▽

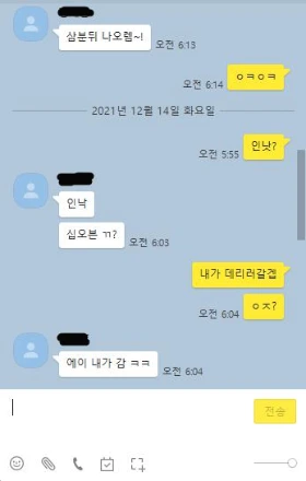 그래도 불참비가 1만 원이다. 안 갈 수가 없다. 혹시나 6시가 되어서도 연락이 안 되면 전화보다는 카톡을 한 번 넣어본다. 혹시나 자고 있는데 전화하면 깰 수도 있으니까 말이다.. (비겁)
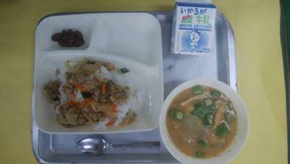 今日の給食は「他人丼、冬瓜のみそ汁、金時豆の煮物、牛乳」です。
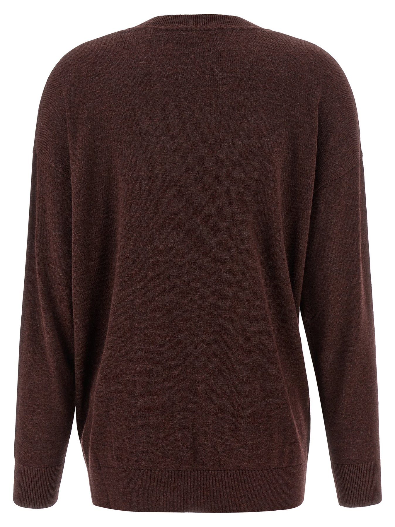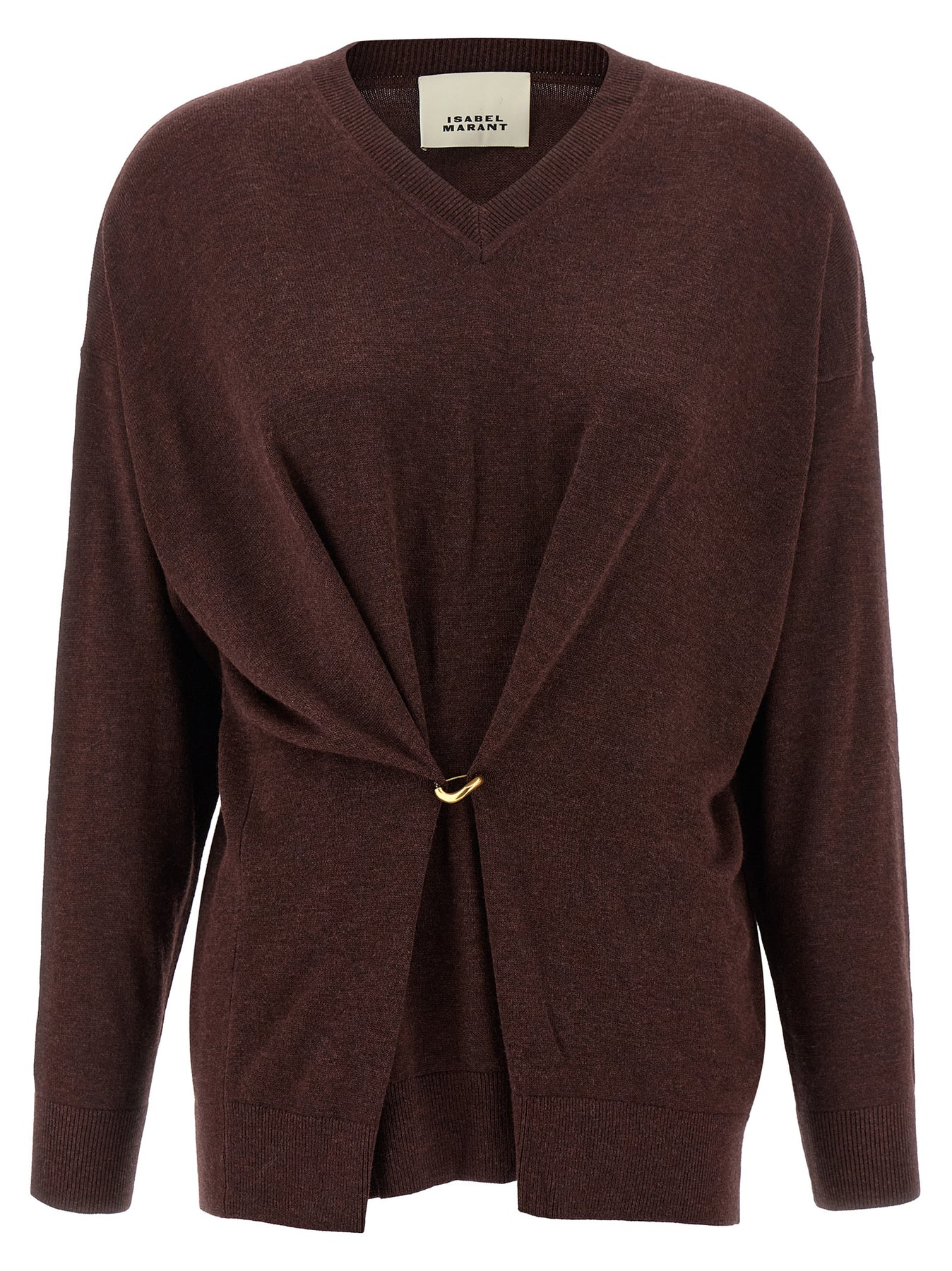 'Chiraz' viscose and wool sweater, removable metal brooch detail on the front, V-neck, long sleeves with cuffs and dropped shoulders.
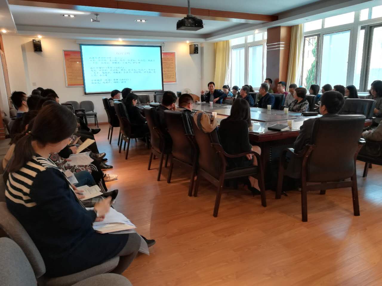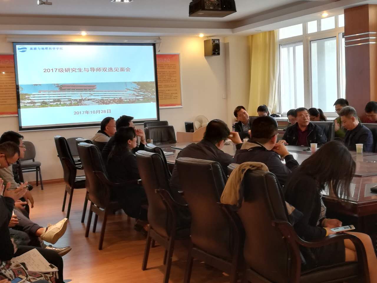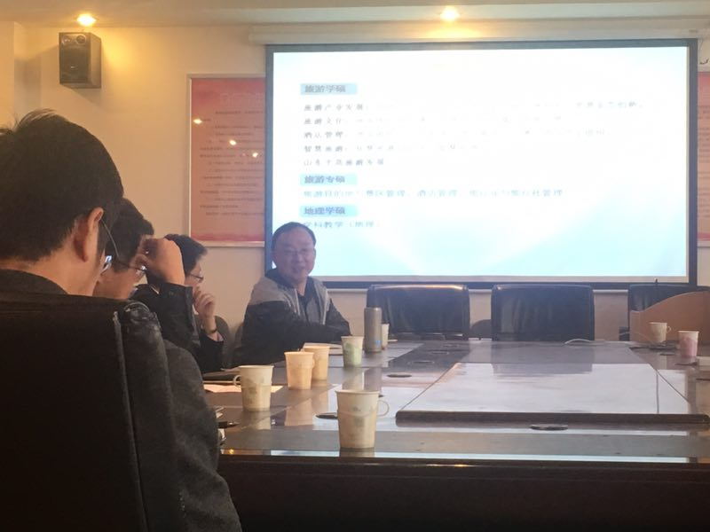 2017年10月28日下午2点,我院研究生导师双选会暨见面会在睿思楼220会议室顺利召开。出席本次会议的有马波教授、耿庆汇副教授、张言庆副教授、王平副教授、高德宗副教授、田克勤副教授、唐顺英副教授、于岩平副教授、钟行明讲师、潘永涛讲师、山东老转村美食娱乐有限公司牛虎兵总经理、港中旅国际(山东)旅行社有限公司田平总经理及青岛市旅游局江秀凯副局长等研究生导师以及2017级硕士研究生,见面会由学院研究生分管领导张言庆副院长主持。
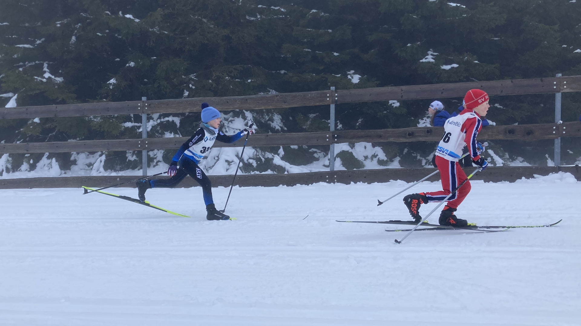 Am Sonntag galt es im Massenstart über längere Distanzen das umfangreiche Training der vergangenen Monate in die Loipe zu bringen. Souverän gelang das Lea Schmieder und Elina Reichel, die das „Doppel“ perfekt machten und sich mit einer zweiten Goldmedaille belohnten. In 16:45 min auf 5 km gewann Lea mit einem Vorsprung von 35 Sekunden vor Emma Kiesling vom VSC Klingenthal und Maxine Escher vom SSV Geyer. Elina hängte ihre Sportskollegin und -konkurrentin Frida Dost vom SV Neudorf in der Loipe über 3,7 km mit 25 Sekunden erneut ab. Zum doppelten Vizesachsenmeistertitel fuhr auch Lara Rudolph in der U13.
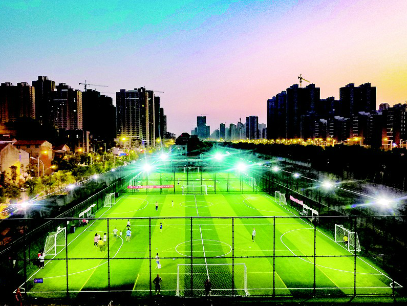 图为汉阳磨山港湾足球场,居民们在灯光下踢夜场
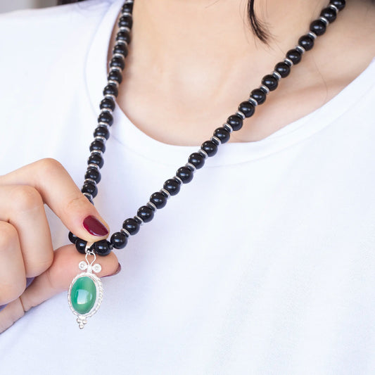 Natural Green Agate Silver Pendant, Natural Black Onyx Beaded Clasp Necklace
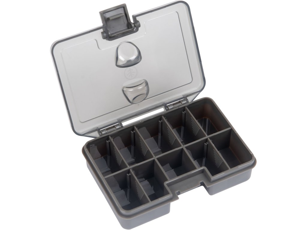 Specifikace: - vnitřní uspořádání zatěsněno tak, aby nedocházelo k zamíchání jednotlivé bižuterie při transportu - možnost variabilního nastavení vnitřního prostoru (max. do 10 přihrádek) - lze umístit krabičky malé velikosti (Small Tackle Boxes) a krabičky na návazce (Rig Boxes) - tvarovaný plastový zámek pro snadný přístup a uzamčení -rozměry: 110 mm (délka) x 80 mm (šířka) x 15 mm (hloubka)Doplňkové parametry

△

**What is needed:** Transcribe the material above in full. No picture is to be copied.

**Reply to the task:**
 그래도 불참비가 1만 원이다. 안 갈 수가 없다. 혹시나 6시가 되어서도 연락이 안 되면 전화보다는 카톡을 한 번 넣어본다. 혹시나 자고 있는데 전화하면 깰 수도 있으니까 말이다.. (비겁)
 今日の給食は「他人丼、冬瓜のみそ汁、金時豆の煮物、牛乳」です。
 'Chiraz' viscose and wool sweater, removable metal brooch detail on the front, V-neck, long sleeves with cuffs and dropped shoulders.
 2017年10月28日下午2点,我院研究生导师双选会暨见面会在睿思楼220会议室顺利召开。出席本次会议的有马波教授、耿庆汇副教授、张言庆副教授、王平副教授、高德宗副教授、田克勤副教授、唐顺英副教授、于岩平副教授、钟行明讲师、潘永涛讲师、山东老转村美食娱乐有限公司牛虎兵总经理、港中旅国际(山东)旅行社有限公司田平总经理及青岛市旅游局江秀凯副局长等研究生导师以及2017级硕士研究生,见面会由学院研究生分管领导张言庆副院长主持。
 Am Sonntag galt es im Massenstart über längere Distanzen das umfangreiche Training der vergangenen Monate in die Loipe zu bringen. Souverän gelang das Lea Schmieder und Elina Reichel, die das „Doppel“ perfekt machten und sich mit einer zweiten Goldmedaille belohnten. In 16:45 min auf 5 km gewann Lea mit einem Vorsprung von 35 Sekunden vor Emma Kiesling vom VSC Klingenthal und Maxine Escher vom SSV Geyer. Elina hängte ihre Sportskollegin und -konkurrentin Frida Dost vom SV Neudorf in der Loipe über 3,7 km mit 25 Sekunden erneut ab. Zum doppelten Vizesachsenmeistertitel fuhr auch Lara Rudolph in der U13.
 图为汉阳磨山港湾足球场,居民们在灯光下踢夜场
 Natural Green Agate Silver Pendant, Natural Black Onyx Beaded Clasp Necklace
 Specifikace: - vnitřní uspořádání zatěsněno tak, aby nedocházelo k zamíchání jednotlivé bižuterie při transportu - možnost variabilního nastavení vnitřního prostoru (max. do 10 přihrádek) - lze umístit krabičky malé velikosti (Small Tackle Boxes) a krabičky na návazce (Rig Boxes) - tvarovaný plastový zámek pro snadný přístup a uzamčení -rozměry: 110 mm (délka) x 80 mm (šířka) x 15 mm (hloubka)Doplňkové parametry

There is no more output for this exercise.